___ Dataset

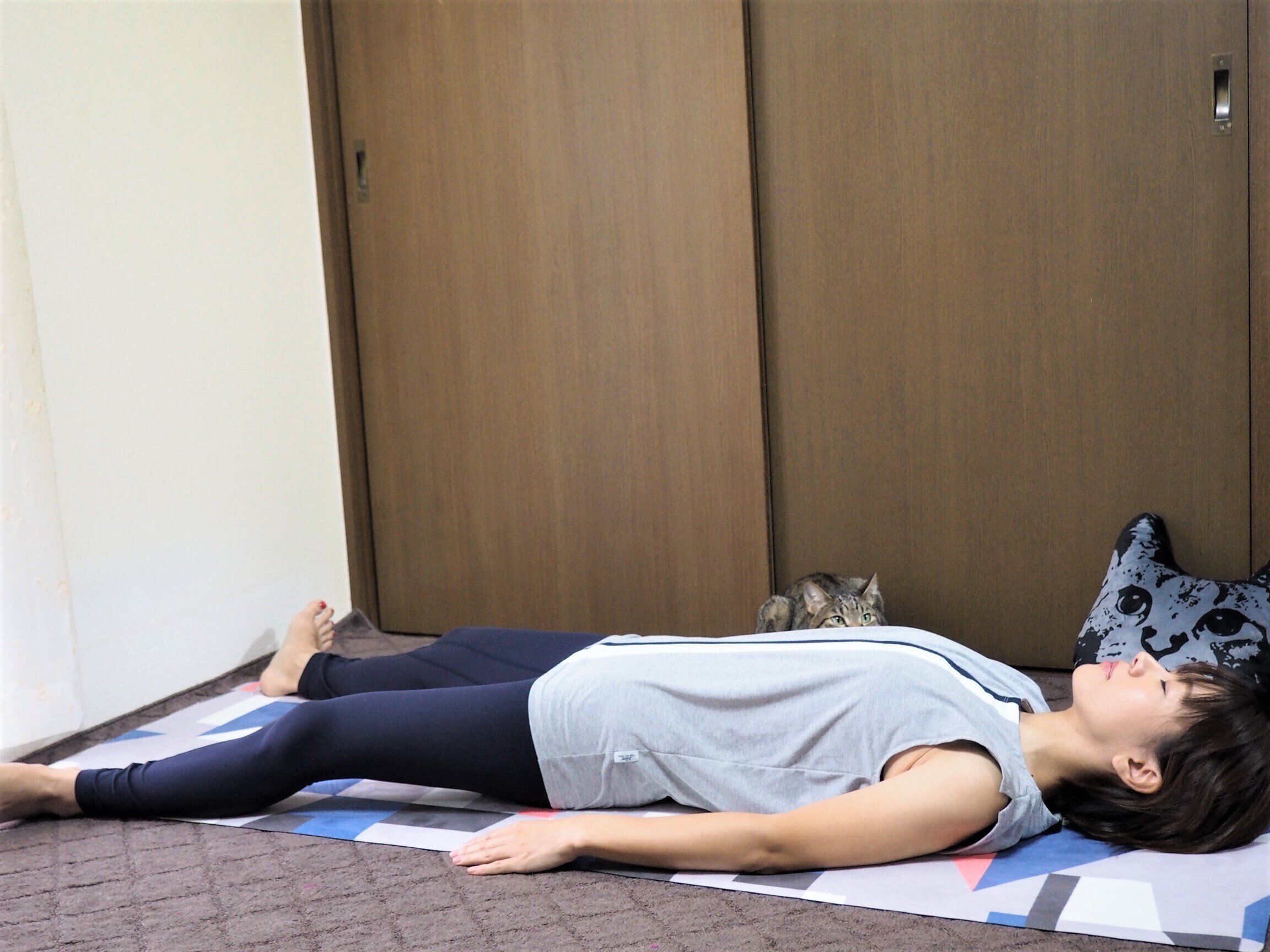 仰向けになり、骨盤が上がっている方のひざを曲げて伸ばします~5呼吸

______
___ Dataset

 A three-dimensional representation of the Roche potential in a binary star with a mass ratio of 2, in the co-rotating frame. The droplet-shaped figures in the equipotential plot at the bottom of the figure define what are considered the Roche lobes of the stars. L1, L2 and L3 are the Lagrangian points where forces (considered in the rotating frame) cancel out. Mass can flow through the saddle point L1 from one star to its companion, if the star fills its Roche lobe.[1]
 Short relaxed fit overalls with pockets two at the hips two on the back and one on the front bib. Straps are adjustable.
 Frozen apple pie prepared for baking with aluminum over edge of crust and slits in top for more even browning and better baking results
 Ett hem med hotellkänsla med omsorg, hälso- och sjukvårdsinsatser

______

What you should do: When you reach the line containing "Frozen apple pie" in the data above, start copying exactly, and stop after the line containing "Ett hem med".

Reply to the task:
 Frozen apple pie prepared for baking with aluminum over edge of crust and slits in top for more even browning and better baking results
 Ett hem med hotellkänsla med omsorg, hälso- och sjukvårdsinsatser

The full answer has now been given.